Within the records below, find the line with "của Communication Corner】【コミュニケーションコーナーの年末年始(ねんまつねんし)休(やす)み】" and the line with "Haut de travail", then reproduce exactly those two lines and all lines between them, without any picture.

_Data provided_
⟨
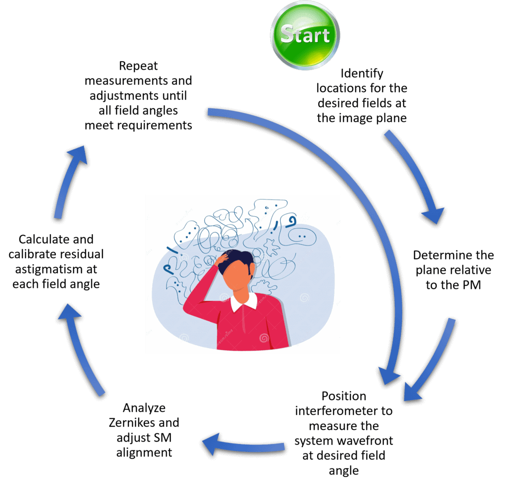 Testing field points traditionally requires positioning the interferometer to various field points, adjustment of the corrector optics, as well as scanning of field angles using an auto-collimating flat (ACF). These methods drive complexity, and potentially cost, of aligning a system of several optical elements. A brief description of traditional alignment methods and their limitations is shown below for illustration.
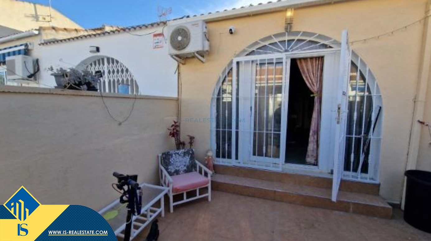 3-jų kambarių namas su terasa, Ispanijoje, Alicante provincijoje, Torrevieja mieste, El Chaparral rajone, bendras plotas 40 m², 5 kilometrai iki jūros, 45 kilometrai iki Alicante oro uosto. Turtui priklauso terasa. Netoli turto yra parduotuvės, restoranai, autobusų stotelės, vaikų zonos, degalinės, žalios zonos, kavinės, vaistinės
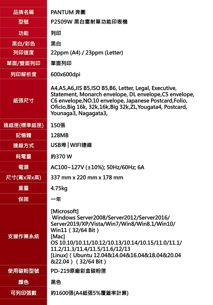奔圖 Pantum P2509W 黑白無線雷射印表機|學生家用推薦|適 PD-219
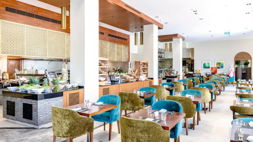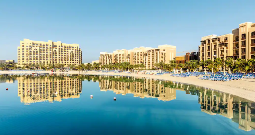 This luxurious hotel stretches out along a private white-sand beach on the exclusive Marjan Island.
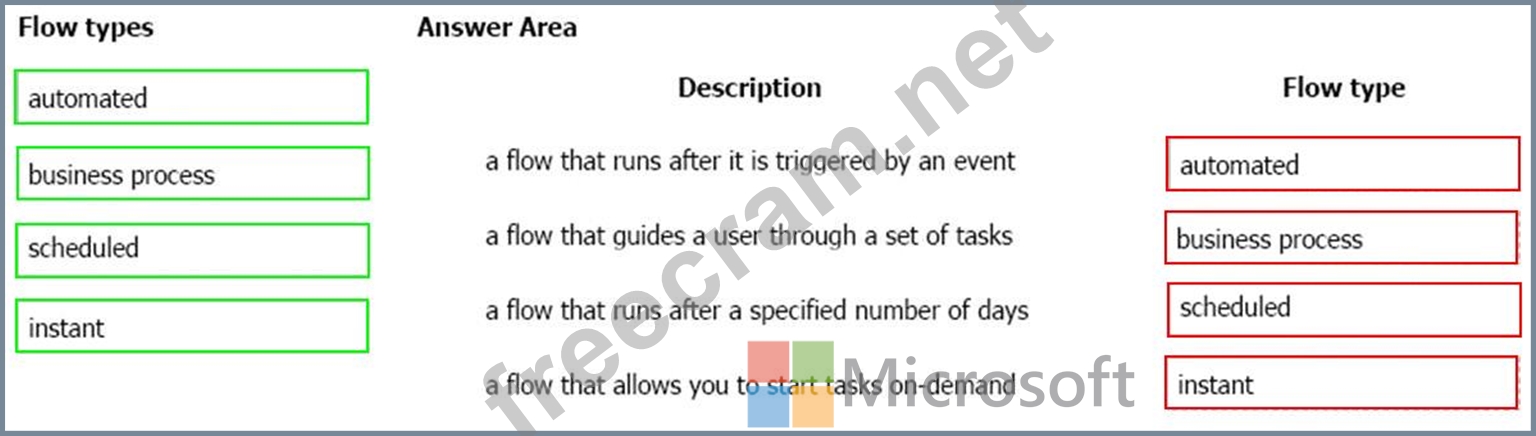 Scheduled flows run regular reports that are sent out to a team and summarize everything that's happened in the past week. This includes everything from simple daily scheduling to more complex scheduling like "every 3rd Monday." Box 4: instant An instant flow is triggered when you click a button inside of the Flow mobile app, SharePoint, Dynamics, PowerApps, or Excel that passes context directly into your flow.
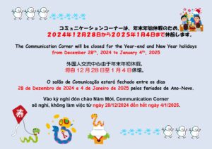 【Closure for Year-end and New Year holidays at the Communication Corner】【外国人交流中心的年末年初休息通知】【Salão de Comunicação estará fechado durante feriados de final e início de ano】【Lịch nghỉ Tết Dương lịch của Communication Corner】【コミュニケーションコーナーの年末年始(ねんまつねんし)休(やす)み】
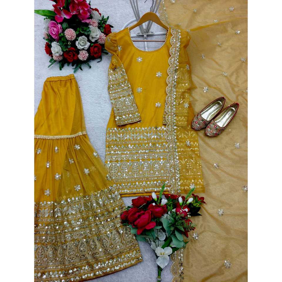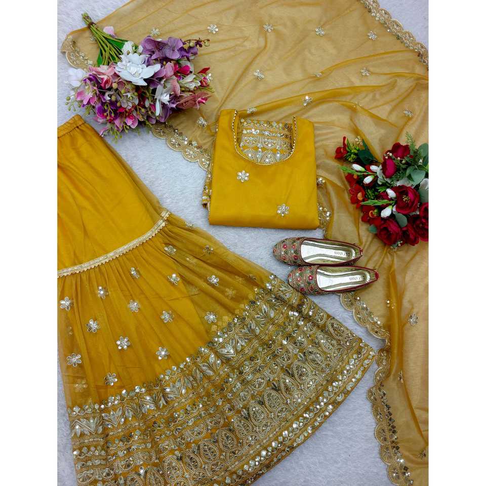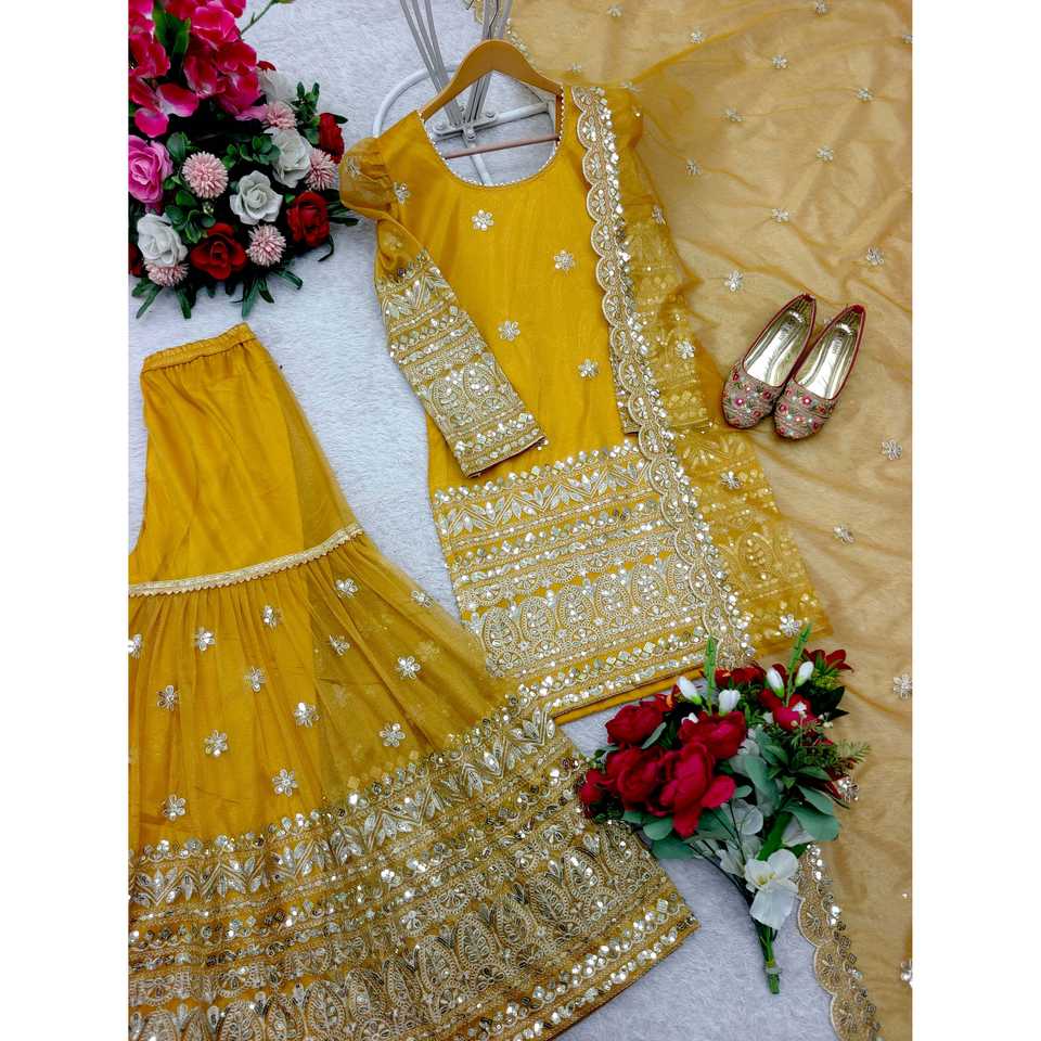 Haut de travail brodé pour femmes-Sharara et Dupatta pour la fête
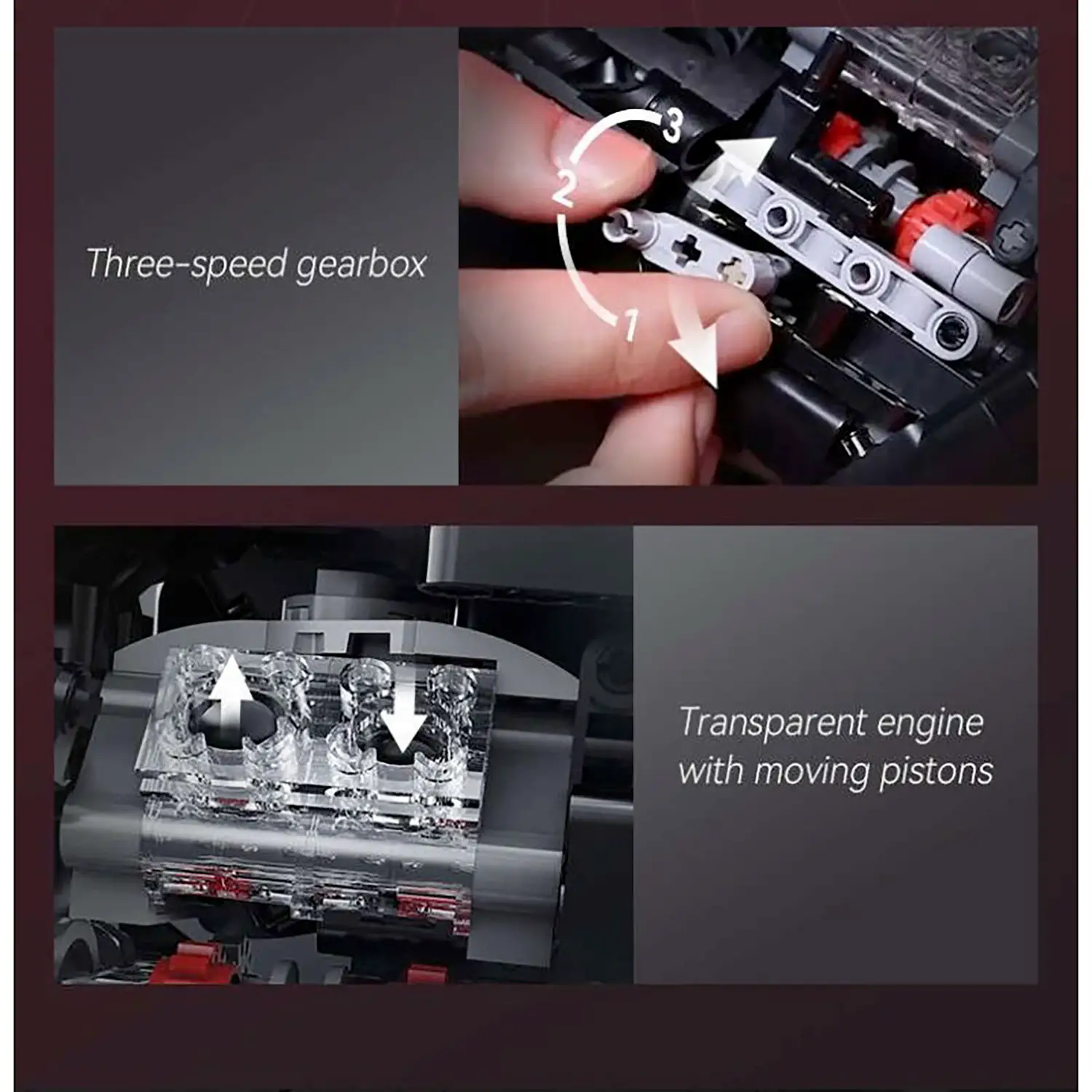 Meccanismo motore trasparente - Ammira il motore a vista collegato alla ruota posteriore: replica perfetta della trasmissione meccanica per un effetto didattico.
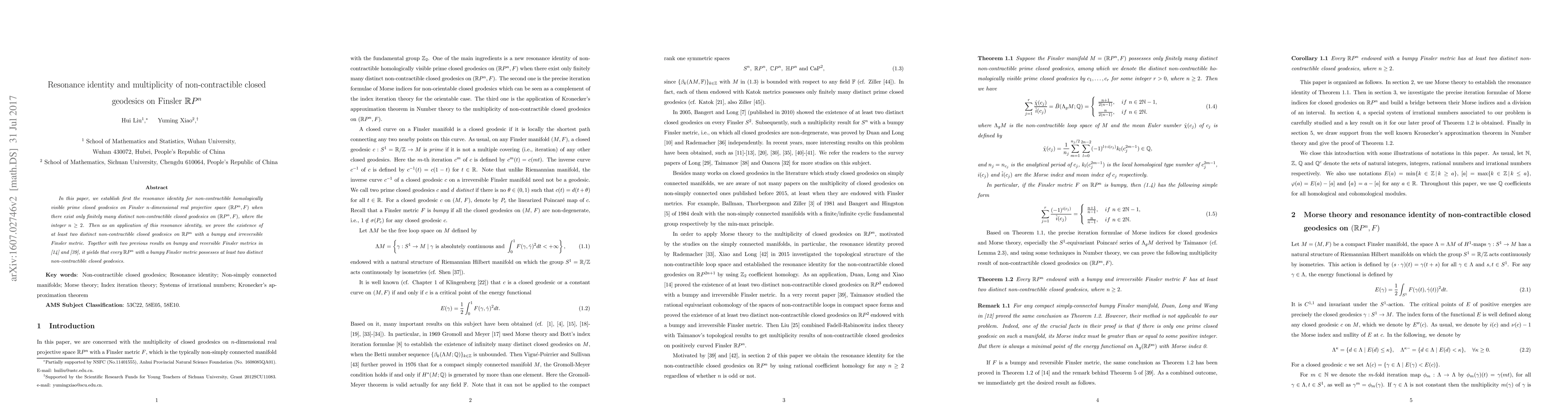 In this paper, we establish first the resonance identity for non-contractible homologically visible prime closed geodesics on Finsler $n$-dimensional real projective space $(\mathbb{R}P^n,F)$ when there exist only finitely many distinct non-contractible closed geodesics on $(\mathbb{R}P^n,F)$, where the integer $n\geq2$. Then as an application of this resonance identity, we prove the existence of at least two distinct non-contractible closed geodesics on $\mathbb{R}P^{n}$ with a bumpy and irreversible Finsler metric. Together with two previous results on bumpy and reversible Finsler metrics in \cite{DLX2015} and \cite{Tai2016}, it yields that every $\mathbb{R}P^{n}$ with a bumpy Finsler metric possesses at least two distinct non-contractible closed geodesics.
⟩
_Written solution_
 【Closure for Year-end and New Year holidays at the Communication Corner】【外国人交流中心的年末年初休息通知】【Salão de Comunicação estará fechado durante feriados de final e início de ano】【Lịch nghỉ Tết Dương lịch của Communication Corner】【コミュニケーションコーナーの年末年始(ねんまつねんし)休(やす)み】
 Haut de travail brodé pour femmes-Sharara et Dupatta pour la fête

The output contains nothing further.